## WORK REQUEST
A word-for-word retyping of the listing below is required, with the pictures dropped.

## DATASET EXTRACT
------

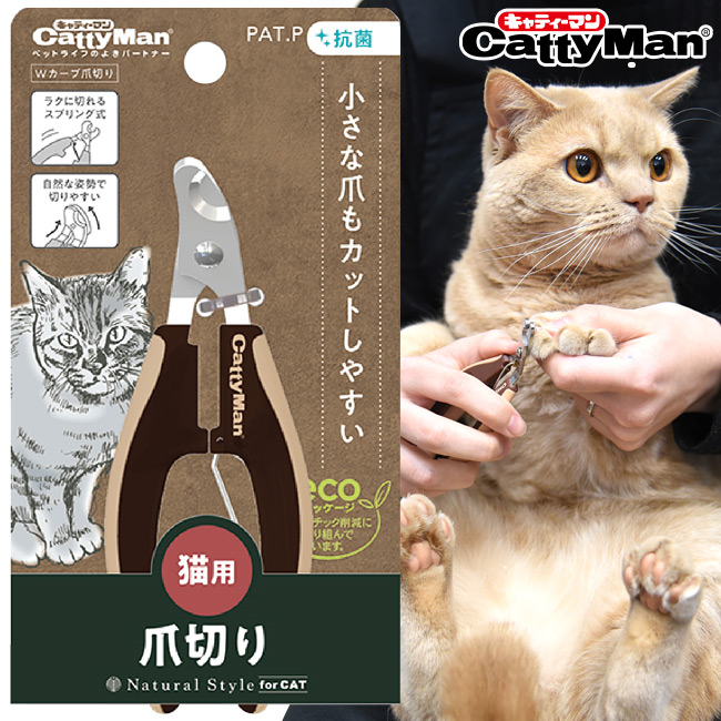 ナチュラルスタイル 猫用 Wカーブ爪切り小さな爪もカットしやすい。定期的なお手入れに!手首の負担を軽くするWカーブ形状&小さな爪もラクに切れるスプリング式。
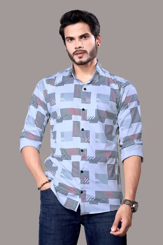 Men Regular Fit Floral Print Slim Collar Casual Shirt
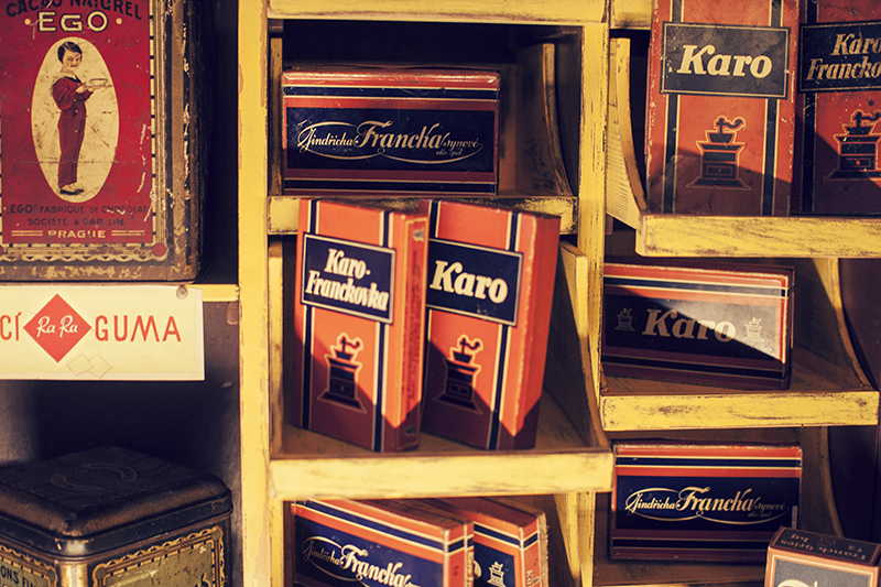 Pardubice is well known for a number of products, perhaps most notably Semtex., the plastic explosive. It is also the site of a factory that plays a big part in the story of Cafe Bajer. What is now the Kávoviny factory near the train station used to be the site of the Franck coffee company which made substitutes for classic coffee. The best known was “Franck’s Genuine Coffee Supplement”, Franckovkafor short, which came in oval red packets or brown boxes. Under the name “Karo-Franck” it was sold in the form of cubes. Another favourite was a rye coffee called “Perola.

------

## RESPONSE TO THIS TASK
 ナチュラルスタイル 猫用 Wカーブ爪切り小さな爪もカットしやすい。定期的なお手入れに!手首の負担を軽くするWカーブ形状&小さな爪もラクに切れるスプリング式。
 Men Regular Fit Floral Print Slim Collar Casual Shirt
 Pardubice is well known for a number of products, perhaps most notably Semtex., the plastic explosive. It is also the site of a factory that plays a big part in the story of Cafe Bajer. What is now the Kávoviny factory near the train station used to be the site of the Franck coffee company which made substitutes for classic coffee. The best known was “Franck’s Genuine Coffee Supplement”, Franckovkafor short, which came in oval red packets or brown boxes. Under the name “Karo-Franck” it was sold in the form of cubes. Another favourite was a rye coffee called “Perola.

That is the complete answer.